2.4. Model evaluation, selection, and explanation
Time-dependent area under curve (AUC), C-index, and integrated Brier score (IBS) were used to evaluate the performance of each model in data sets. Based on these performances, an effective and accurate model was selected for further analysis. The importance and weight of features in the selected model were implemented using scikit-learn's permutation_importance function. Furthermore, Shapley Additive Explanations (SHAP) were drawn based on training set to explain the selected model [12]. The cumulative survival and risk rate of partial validation set patients were calculated using the selected model.

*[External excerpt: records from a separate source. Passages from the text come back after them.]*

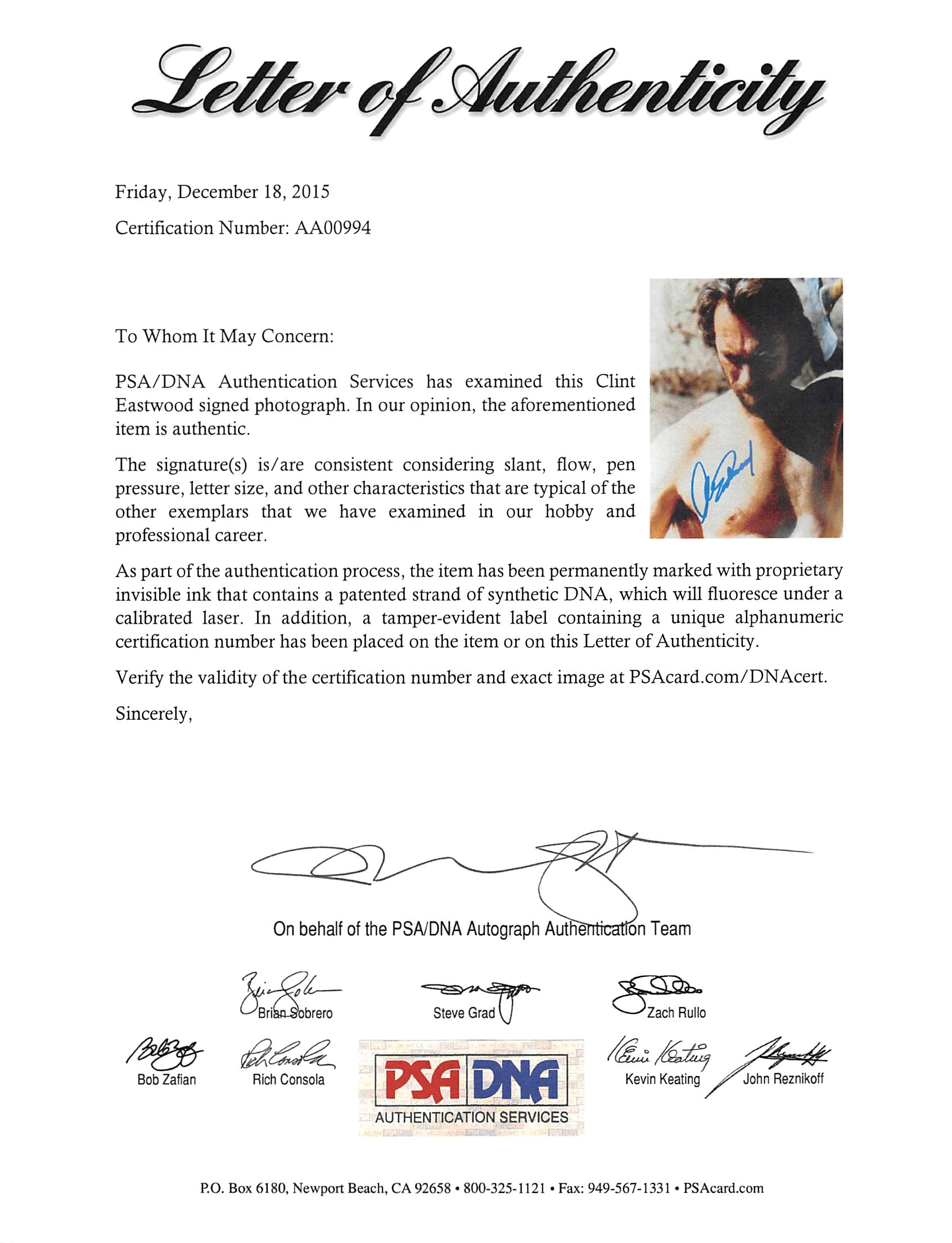 This Autographed 8x10 Photo has been Personally Signed by Clint Eastwood of The Outlaw Josey Wales. This item is 100% Authentic and comes with a PSA/DNA Certification Card and a matching numbered Hologram. The authenticity can be verified on Professional Sports Authenticator website.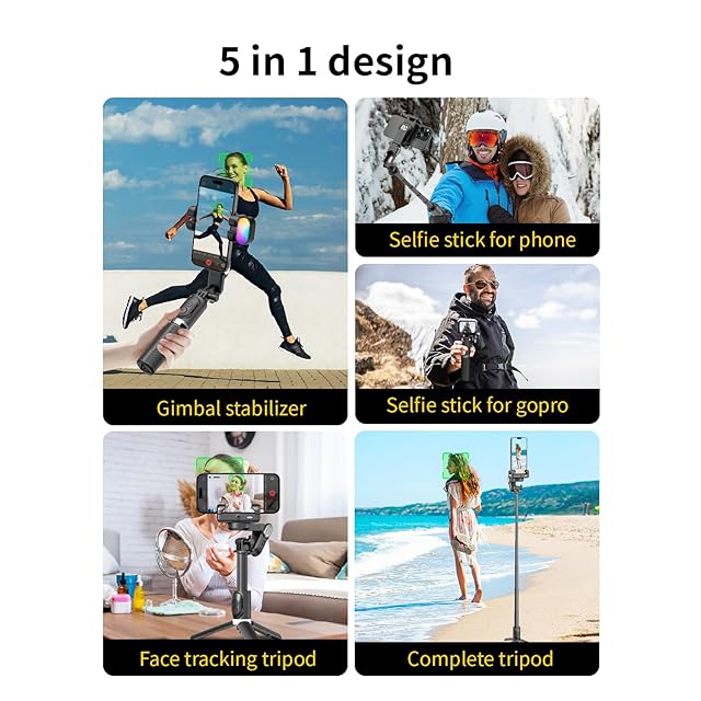多用途の4-in-1デザイン: 革新的な4-in-1デザインで、ジンバルスタビライザー、伸縮可能な自撮り棒、デスクトップスタンド、三脚機能を兼ね備えています。このオールインワンデザインは、さまざまな撮影ニーズを満たし、プロ品質のビデオや写真を撮影するための無限の可能性を提供します。ユーザーフレンドリーなコントロールでモードを簡単に切り替えることができます。当社のフェイストラッキングジンバルは、あなたのクリエイティブなビジョンに適応し、あらゆるシナリオに必要な柔軟性を提供します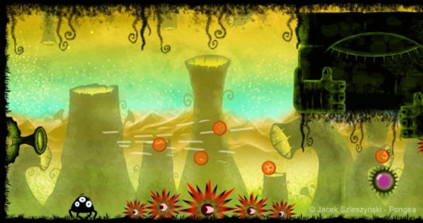 《庞戈Pongea1》是一款场景非常丰富的闯关类手机游戏,游戏中的的角色人物非常的另类特殊,是一个三只眼、全身非常奇怪的怪物,不过它的能力还是相当的不错的!唯一可以表扬的就是画面了,唯美的水彩画风,虽然点击很简单,但是要找到合适的点击位置特别难。

2.5. Operation and analysis
Data processing, grouping, and COX-regression survival analysis were performed using R version 4.2.2. Model building, evaluation, and explanation were carried out with Python version 3.9.13. The R package “survival” version 3.4-0 and Python package scikit-learn version 1.2.2 were used. Categorical variables were presented as numbers (percentages). In this study, P < 0.05 represented a statistically significant difference.
3. Results
3.1. Baseline characteristics
In total, the data of 6,520 penile cancer patients were initially obtained from the SEER database. After strict screening, 2,446 M0 PSCC patients were enrolled in the study, including 1,214 in the training set, 521 in the validation set, and 711 in the test set. CSS data was available in 2,426 patients, with 1,206 patients included in the training set, 515 in the validation set, and 705 in the test set. The patient screening and overall analysis sub-flows are displayed in Fig. 1A and B respectively. Table 1 shows the distribution of each feature in the OS analysis. Approximately 40 % of the patients were 70 or older, 85 % were white, 60 % were married, 50 % lived in large metropolitan areas, and 48 % had an annual income of $50,000–69,999. In terms of tumor-related information, 40 % of patients had unclear penis primary sits, 47 % of patients had a tumor size < 3 cm, 50 % demonstrated T1 stage cancer, and 80 % were N0 stage. Regarding treatment, 55 % of patients underwent local excision of the primary site, 90 % of the patients received no chemotherapy, and 91 % of patients had no radiotherapy. The OS analysis revealed that 1,095 patients died during the follow-up, including 654 in the training set, 290 in the validation set, and 151 in the test set. Furthermore, the CSS analysis indicated that 477 patients died due to PSCC, including 260 in the training set, 126 in the validation set, and 91 in the test set.
Fig. 1.
Flow chart of the patient selection process (A) and analysis process (B).
Table 1.
Demographic characteristics of M0 penile squamous cell carcinoma patients.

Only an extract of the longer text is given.